## Dataset excerpt
****************

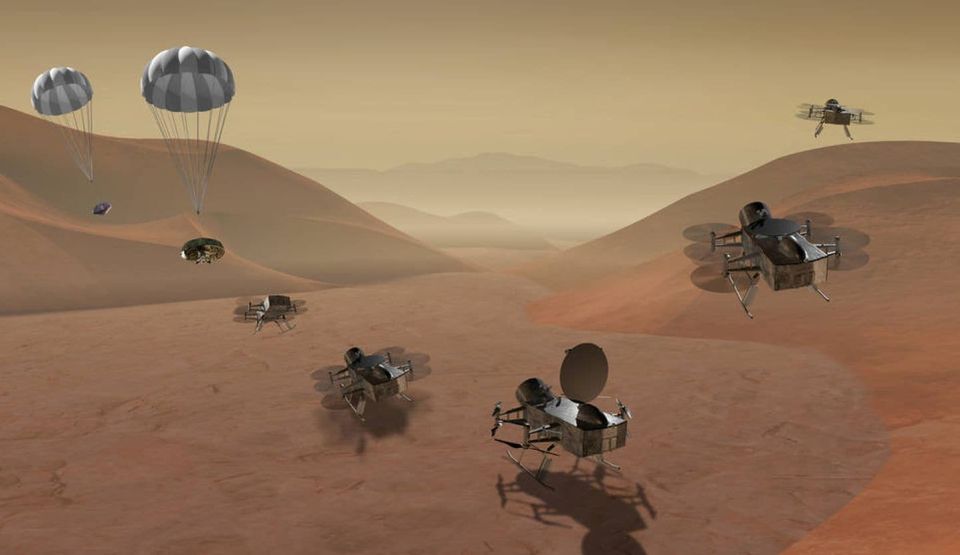 Misiunea Dragonfly implică lansarea, în 2026, a unui vehicul spaţial similar unei drone mai mari, care ar trebui să ajungă pe Titan în 2034.
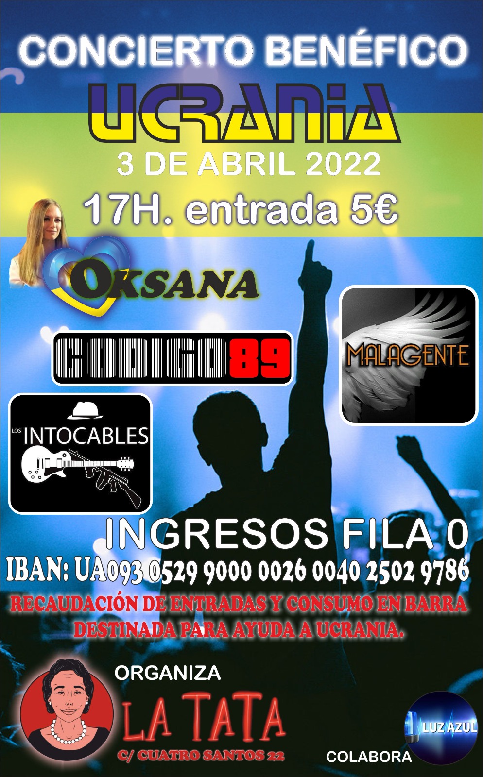 Leer más...La Tata ha organizado un concierto benéfico para ayudar a Ucrania el próximo 3 de abril. Actuarán grupos como Oksana, Código 89 y Los Intocables. Será a las 17 horas.
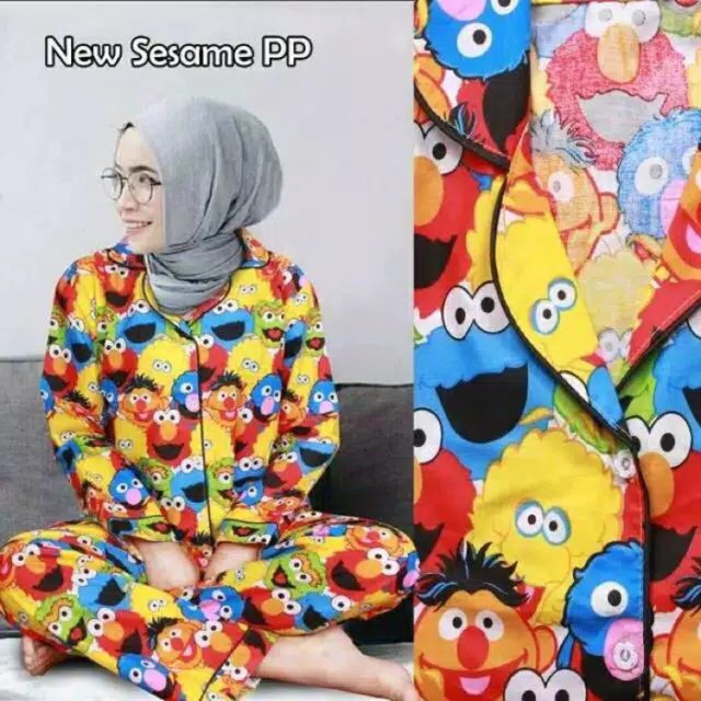 Comfort Cotton Polyester Color. Busy scenes oodles of flaps lots of labels and beloved Sesame Street. Baju Tidur Piyama Import Wanita Korea - ELMO YELLOW.

****************

## Goal of the exercise
Copy the listing exactly. No images belong in the copy.

## Task solution
 Misiunea Dragonfly implică lansarea, în 2026, a unui vehicul spaţial similar unei drone mai mari, care ar trebui să ajungă pe Titan în 2034.
 Leer más...La Tata ha organizado un concierto benéfico para ayudar a Ucrania el próximo 3 de abril. Actuarán grupos como Oksana, Código 89 y Los Intocables. Será a las 17 horas.
 Comfort Cotton Polyester Color. Busy scenes oodles of flaps lots of labels and beloved Sesame Street. Baju Tidur Piyama Import Wanita Korea - ELMO YELLOW.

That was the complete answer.